= Sir Thomas Lawley, 1st Baronet =

English politician

Sir Thomas Lawley, 1st Baronet (died 19 October 1646) was an English politician who sat in the House of Commons between 1625 and 1629.

Lawley was the son of Francis Lawley of Spoonhill near Much Wenlock, Shropshire and his wife Elizabeth Newport, daughter of Sir Richard Newport. Lawley succeeded to the estate at Spoonhill on the death of his brother in 1623. He was a member of the Worshipful Company of Drapers. In 1625, he was elected Member of Parliament for Wenlock. He was re-elected MP for Wenlock in 1626 and in 1628 and sat until 1629 when King Charles decided to rule without parliament for eleven years.
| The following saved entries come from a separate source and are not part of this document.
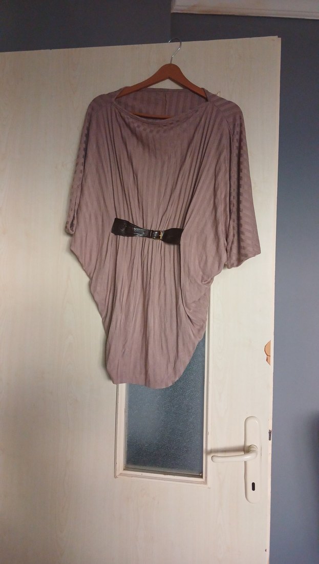 Bej renkli, kuşaklı hamile tunik. Bol kesim, kayık yaka ve askılı kolları vardır. Hafif keten kumaştan, günlük kullanıma uygun bohem tarzda midi boy.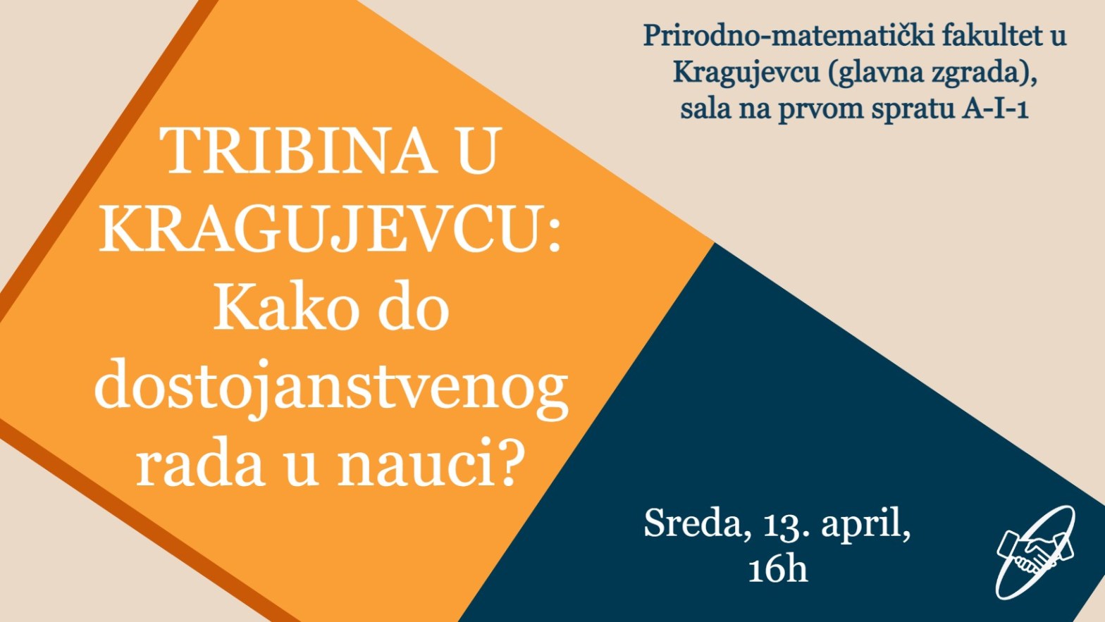 Glavna zgrada Prirodno-matematičkog fakulteta u Kragujevcu (ulica Radoja Domanovića 12), sala na prvom spratu A-I-1, 13 april, 16h Zadovoljstvo nam je što, nakon susreta sa koleginicama i kolegama u Beogradu i Nišu, nastavljamo sa tribinama i ovaj put ćemo biti u Kragujevcu.Podsećamo da već više od deset godina naučni radnici i radnice primaju platu naContinue reading “TRIBINA U KRAGUJEVCU : Kako do dostojanstvenog rada u nauci?”
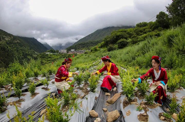 2022年,安徽省援藏工作隊在勒布溝引入莓茶種植,試驗性種植30畝。這是當?shù)卮迕裨诓烧瑁?023年7月28日攝)。新華社記者旦增尼瑪曲珠攝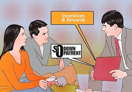 Learn what cash incentives are available to potential buyers. Ask the listing real estate agent or look for incentives that are mentioned in the property's For Sale ads. Seek out properties that have been on the market for a long time, or have something so badly wrong with them that the bank or seller is willing to pay you to purchase the property. Or you can suggest incentives during the negotiation process. Cash incentives may include: Cash-back offers. These could include offering to pay a year's worth of property taxes or mortgage payments. Other types of cash-back offers include credits for a down payment, repairs, landscaping, closing costs or mortgage points. Expensive gifts such as season tickets to sporting events, use of a vacation condo, gift certificates for high end purchases, golf club memberships and even mineral rights. Seller-financed carry-back loans which are mortgages or loans financed by the seller. Sometimes this is included with a zero down payment incentive. However, keep in mind that this can be a risky option if the seller does not transfer ownership or allow you to have the property recorded to your name. The property may not be transferred until a certain amount of money has been paid into it, so it is possible that the owner could foreclose on the property even if you are paying them every month.

Lawley acquired the estate of Twickenham Meadows in 1638. In 1639, he was elected Sheriff of London, but never served. He was elected an alderman of the City of London for Castle Baynard ward in 1641. He was created baronet of Spoonhill, Shropshire, on 14 August 1641. He was Master of the Drapers Company for 1642 to 1643.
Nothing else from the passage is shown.